Anavex Life Sciences Corp (AVXL)

[sokol]

What Falconer says MIGHT happen is backed by scientific studies some of which I reference below. However, as Investor points out and as most everyone here recognizes, the evidence is playing out in the clinical trials. The hypothesis for these clinical trials is shared by a number of scientists and studies. Granted many scientists disagree and have different theories for treating AD, PD and RS, but no one has any real success so far. However, the basis for these Anavex trials is sound. I believe what Falconer has published is reasonable based on the DD/research I have done, and based on what others on this board have found and shared. Therefore, my speculation is that OFP is dead wrong, and Anavex may likely prove some CNS benefit from AVXL 2-73 or from some of its other drugs. In any event, I hope this is how it plays out, and I am not at all deterred by anyone that attempts to rub my nose in the sand or dirt. Hope, I think is a good thing. Nothing can be accomplished without someone having some hope for what they are attempting to achieve. As Teddy Roosevelt said when he was restoring hope in America:

“It is not the critic who counts; not the man who points out how the strong man stumbles, or where the doer of deeds could have done them better. The credit belongs to the man who is actually in the arena, whose face is marred by dust and sweat and blood; who strives valiantly; who errs, who comes short again and again, because there is no effort without error and shortcoming; but who does actually strive to do the deeds; who knows great enthusiasms, the great devotions; who spends himself in a worthy cause; who at the best knows in the end the triumph of high achievement, and who at the worst, if he fails, at least fails while daring greatly, so that his place shall never be with those cold and timid souls who neither know victory nor defeat.”

Sigma-1 Receptors and Neurodegenerative Diseases: Towards a Hypothesis of Sigma-1 Receptors as Amplifiers of Neurodegeneration and Neuroprotection.
Review article
Nguyen L, et al. Adv Exp Med Biol. 2017.
Show full citation
Abstract
Sigma-1 receptors are molecular chaperones that may act as pathological mediators and targets for novel therapeutic applications in neurodegenerative diseases. Accumulating evidence indicates that sigma-1 ligands can either directly or indirectly modulate multiple neurodegenerative processes, including excitotoxicity, calcium dysregulation, mitochondrial and endoplasmic reticulum dysfunction, inflammation, and astrogliosis. In addition, sigma-1 ligands may act as disease-modifying agents in the treatment for central nervous system (CNS) diseases by promoting the activity of neurotrophic factors and neural plasticity. Here, we summarize their neuroprotective and neurorestorative effects in different animal models of acute brain injury and chronic neurodegenerative diseases, and highlight their potential role in mitigating disease. Notably, current data suggest that sigma-1 receptor dysfunction worsens disease progression, whereas enhancement amplifies pre-existing functional mechanisms of neuroprotection and/or restoration to slow disease progression. Collectively, the data support a model of the sigma-1 receptor as an amplifier of intracellular signaling, and suggest future clinical applications of sigma-1 ligands as part of multi-therapy approaches to treat neurodegenerative diseases.

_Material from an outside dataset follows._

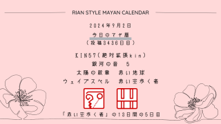 今日のマヤ暦 【今日のマヤ暦】9月2日 KIN57(絶対拡張kin) 音5 赤い地球 – 赤い空歩く者 こんにちは、マヤ暦鑑定歴13年目の りあん です。今日一日の過ごし方「チェックポイント」をお届けします。マヤ暦は、毎日それぞれ違ったエネルギーが流れているという考え方をします。そのエネルギーを意識して生きることで、シンクロを呼び、リズムに乗... 2024.09.02 今日のマヤ暦

PMID 28315269 [Indexed for MEDLINE] PMCID PMC5500918

https://www.ncbi.nlm.nih.gov/m/pubmed/28315269/

Sigma-1 Receptor Chaperones at the ER- Mitochondrion Interface Regulate Ca2+ Signaling and Cell Survival
Summary
Communication between the endoplasmic reticulum (ER) and mitochondrion is important for bioenergetics and cellular survival. The ER supplies Ca2+ directly to mitochondria via inositol 1,4,5-trisphosphate receptors (IP3Rs) at close contacts between the two organelles referred to as mitochondrion-associated ER membrane (MAM). We found here that the ER protein sigma-1 receptor (Sig-1R), which is implicated in neuroprotection, carcinogenesis, and neuroplasticity, is a Ca2+-sensitive and ligand-operated receptor chaperone at MAM. Normally, Sig-1Rs form a complex at MAM with another chaperone, BiP. Upon ER Ca2+ depletion or via ligand stimulation, Sig-1Rs dissociate from BiP, leading to a prolonged Ca2+ signaling into mitochondria via IP3Rs. Sig-1Rs can translocate under chronic ER stress. Increasing Sig-1Rs in cells counteracts ER stress response, whereas decreasing them enhances apoptosis. These results reveal that the orchestrated ER chaperone machinery at MAM, by sensing ER Ca2+ concentrations, regulates ER-mitochondrial interorganellar Ca2+ signaling and cell survival.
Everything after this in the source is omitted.